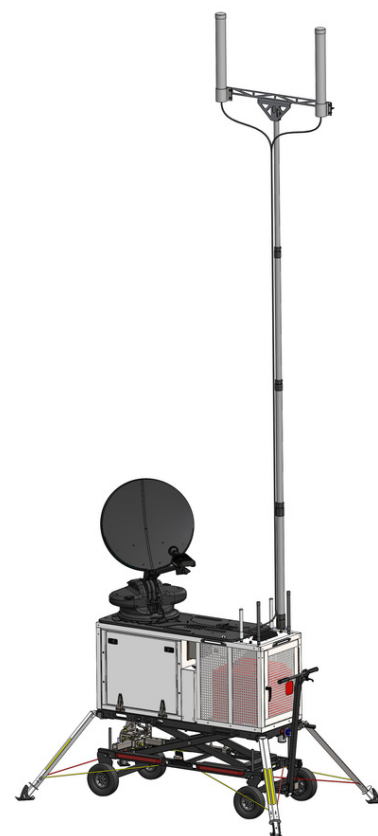
Mast shown in deployed position

FirstNet® is a registered trademark of FirstNet Authority. Copyright © 2021 by Rescue 42, Inc. All Rights Reserved.
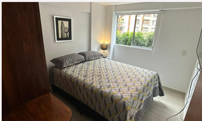
Auxiliary Bedroom 1
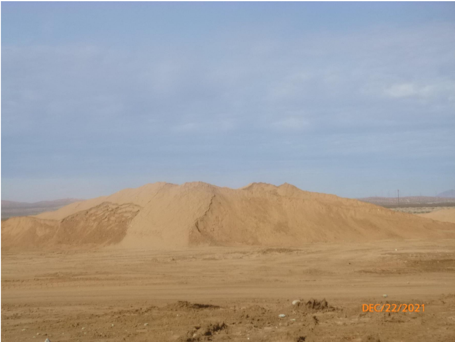
#7 SEGS V sand soil stockpile for future construction
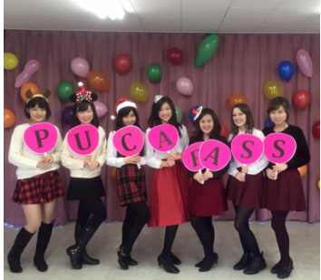
my dance club

there were lots of other exchange students from all around the world, which let me learn a lot about other countries and also confuse them about ours (what ex-
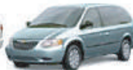
Butane Blue Pearl Coat
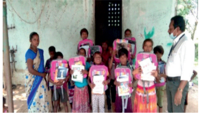
Distribution of Free Text Books
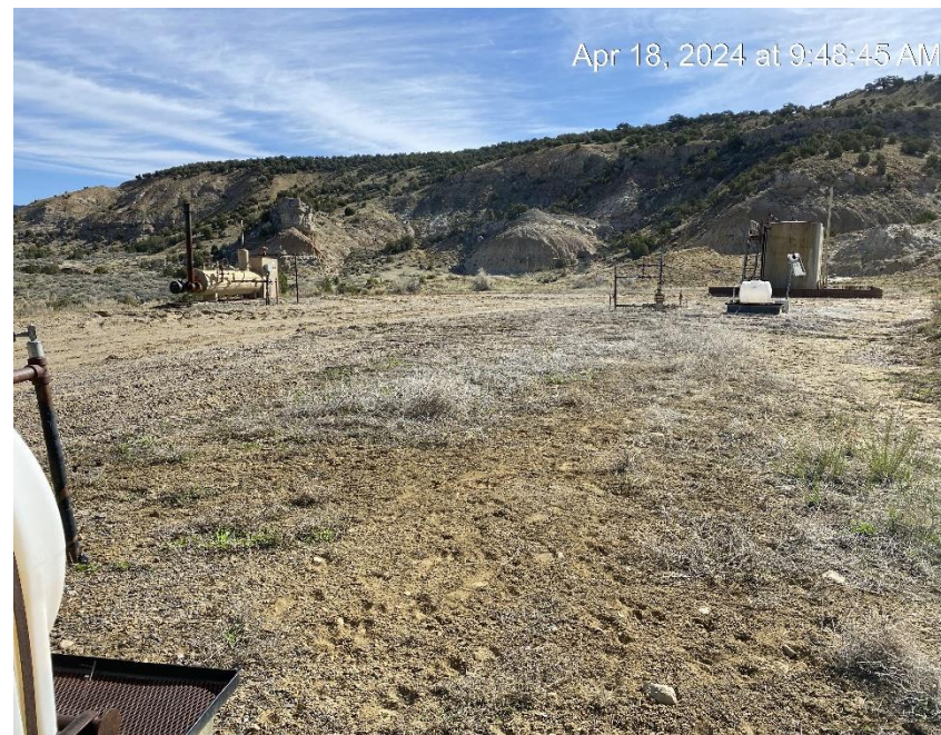
Location from Southwest corner
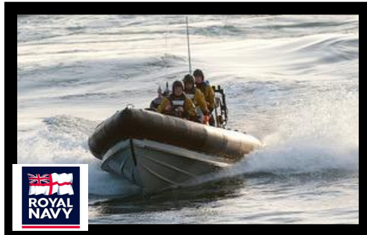
Royal Navy Royal Naval Reserve & University Royal Naval Unit Pac 22/24
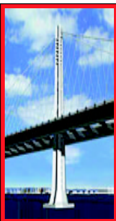
■ The Bay Bridge project.
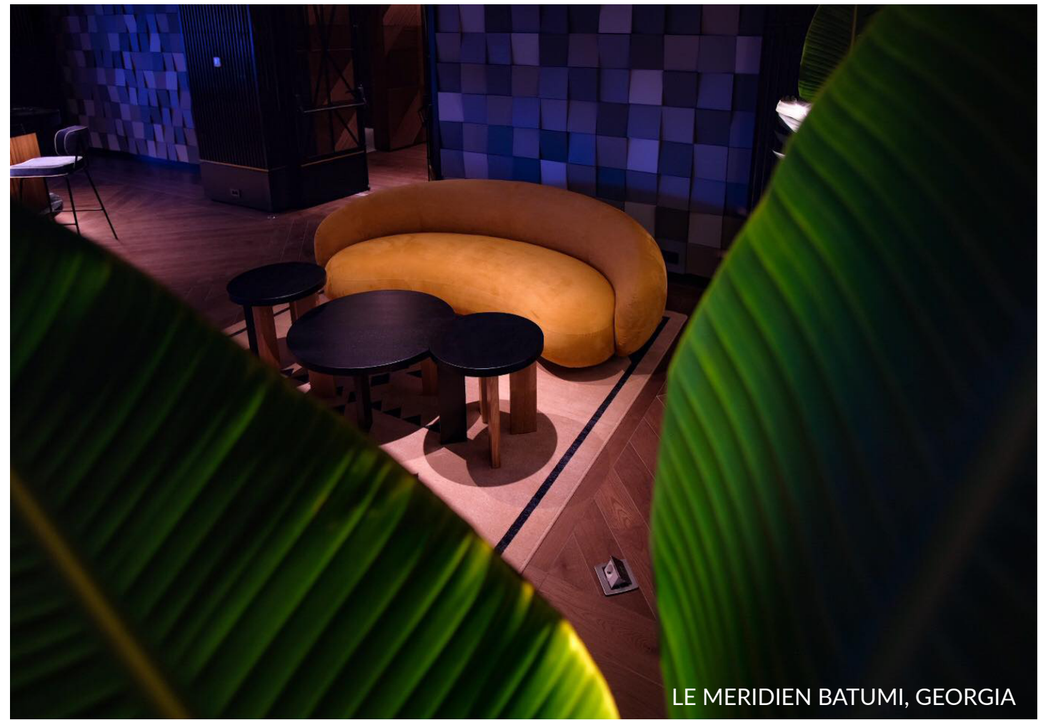
LE MERIDIEN BATUMI, GEORGIA
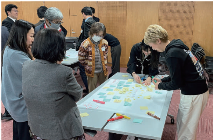
《Kyushu Block Event 2023 hosted by Oita IYEO》 Participants exchanged their own views on their activities and concerns.

Co-host the CENTERYE Forum for International Youth Exchange and the Block Events with IYEO.
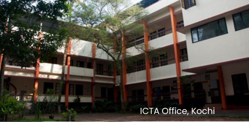
ICTA Office, Kochi
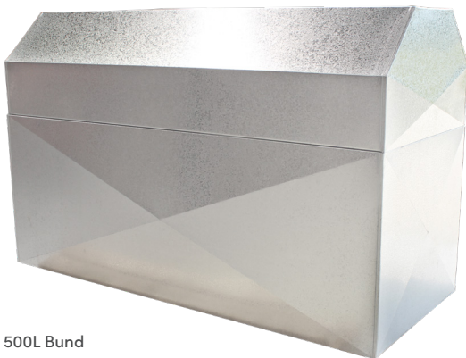
— 500L Bund

Refer to your local council for diesel tank and bund requirements.
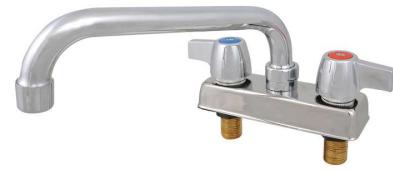
4" CENTER DECK MOUNT FAUCET

FROM 6" TO 14" SWING SPOUTS, DOUBLE O-RING SPOUT SEAL, 1/4 TURN CERAMIC CARTRIDGES, POLISHED NICKEL CHROME FINISH, LEAD FREE, NSF, cCSAus.
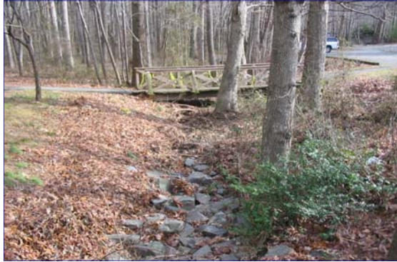
MODERATE: More than 30% of riprap in streambed and bridge
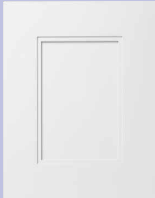
PAINTED HDF STEP SHAKER WHITE
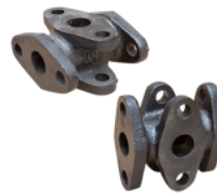
4-WAY TEE BODY 20X20X20X20
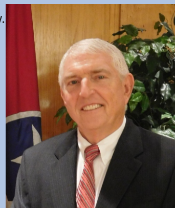
Mayor Gary Chesney
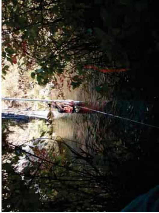
Figure 106. SR A2: Transect 6 Lateral Pool – From right bank water's edge looking to left bank.
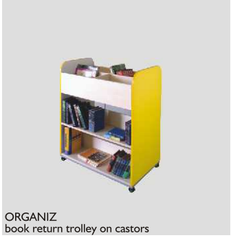
ORGANIZ book return trolley on castors
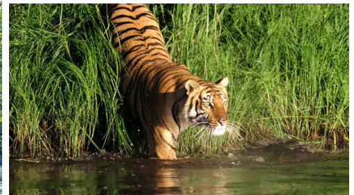
enjoying wild life
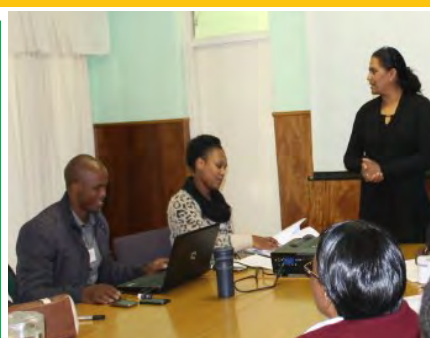
Batho Pele Training READ MORE ON PAGE 04
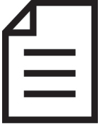
Material Safety Data Sheet
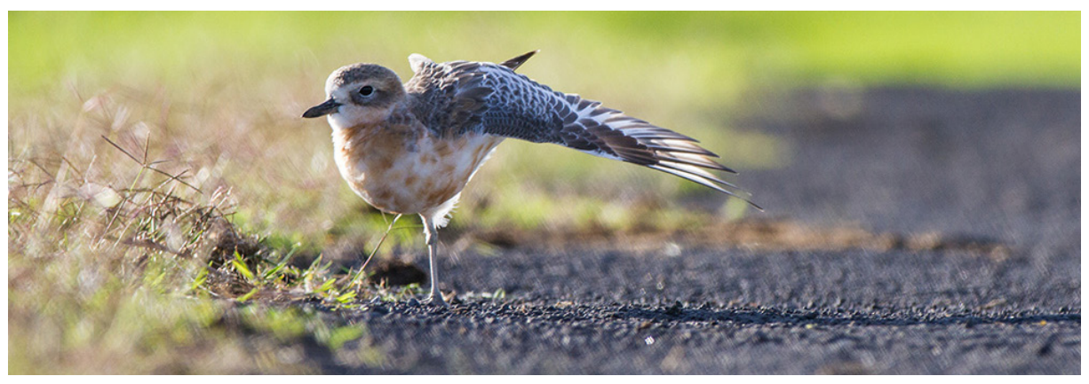
A Northern New Zealand dotterel stretches its wing at Point England

We know Aucklanders want to live with native birds, we love our tui so much but why should Aucklanders have dotterel?
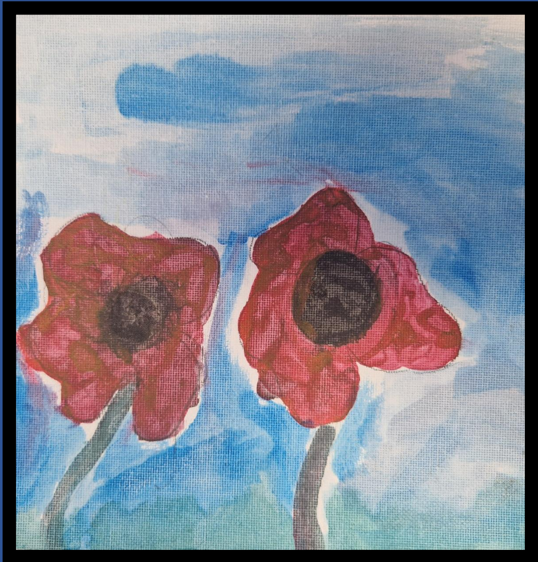
Aditi, year 4 Oak
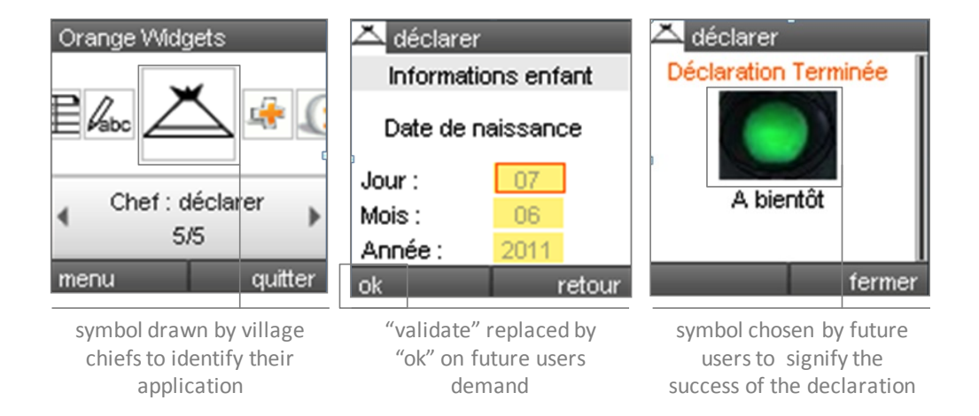
Figure 2: screenshots of Birth Registration service

Some examples of suggestions of future users, applied in the design of services are illustrated in figure 2.
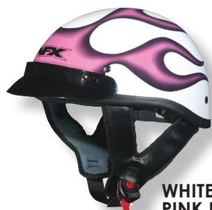
WHITE & PINK FLAME
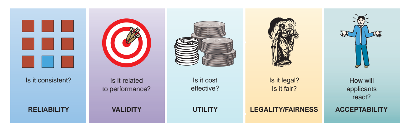
Figure 6.2 What Makes a Selection Method Good?

An assessment of the degree to which a selection method yields consistent results.
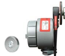
MM-2.00 Mounting Magnet Option (must be used with EZ-SCP)
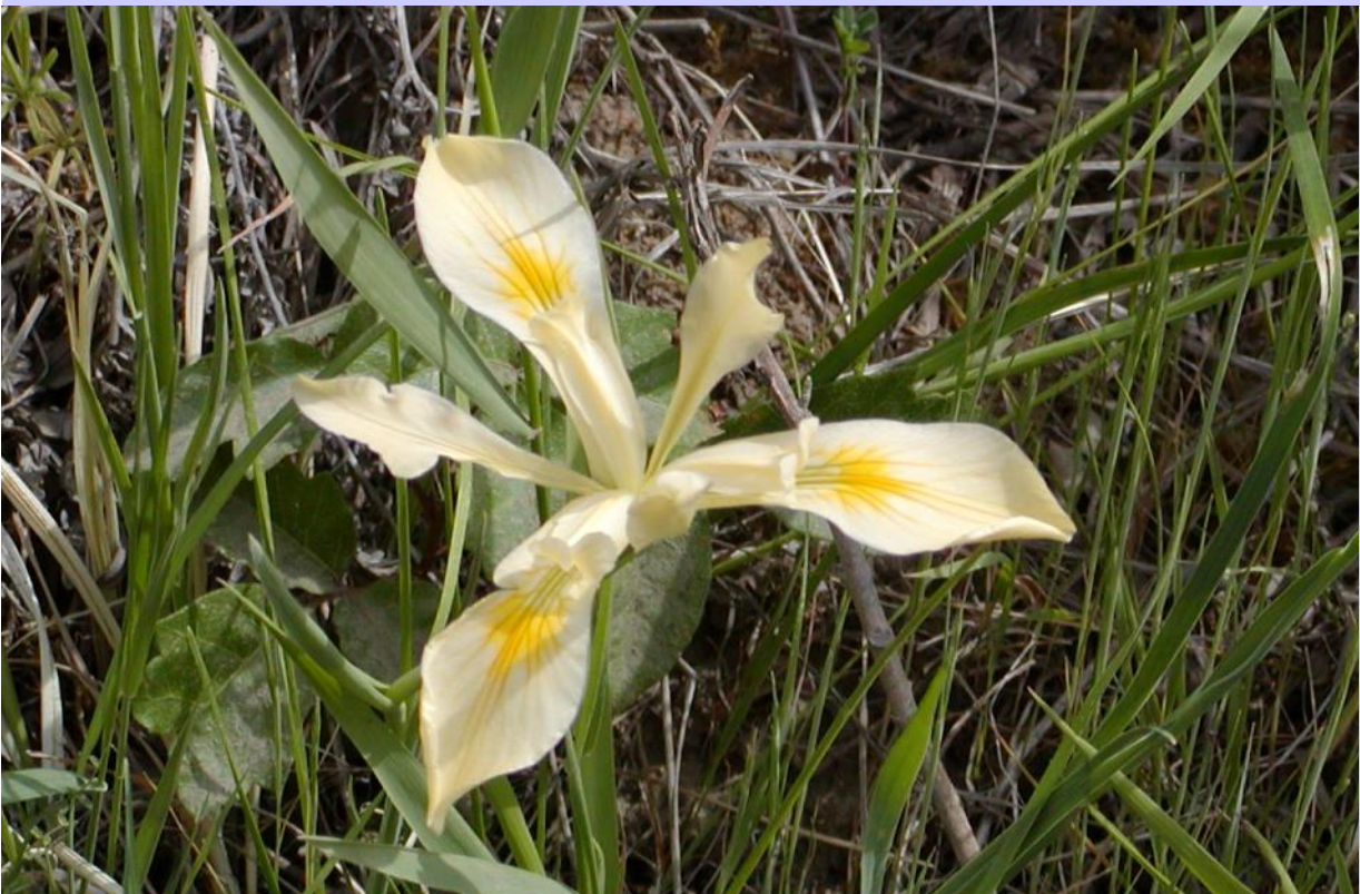
I. tenax var. gormanii, Henry Hagg Lake
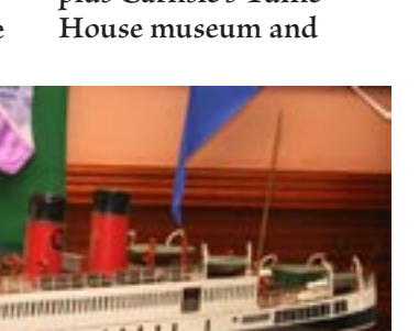
One of the many items on display

this ever-growing port archive, many residents and shipping enthusiasts, in and around Silloth, plus Carlisle's Tullie

----

Only lines with the word "Block" go in the answer. Take them all from the entries above.

## Exercise result:
《Kyushu Block Event 2023 hosted by Oita IYEO》 Participants exchanged their own views on their activities and concerns.
Co-host the CENTERYE Forum for International Youth Exchange and the Block Events with IYEO.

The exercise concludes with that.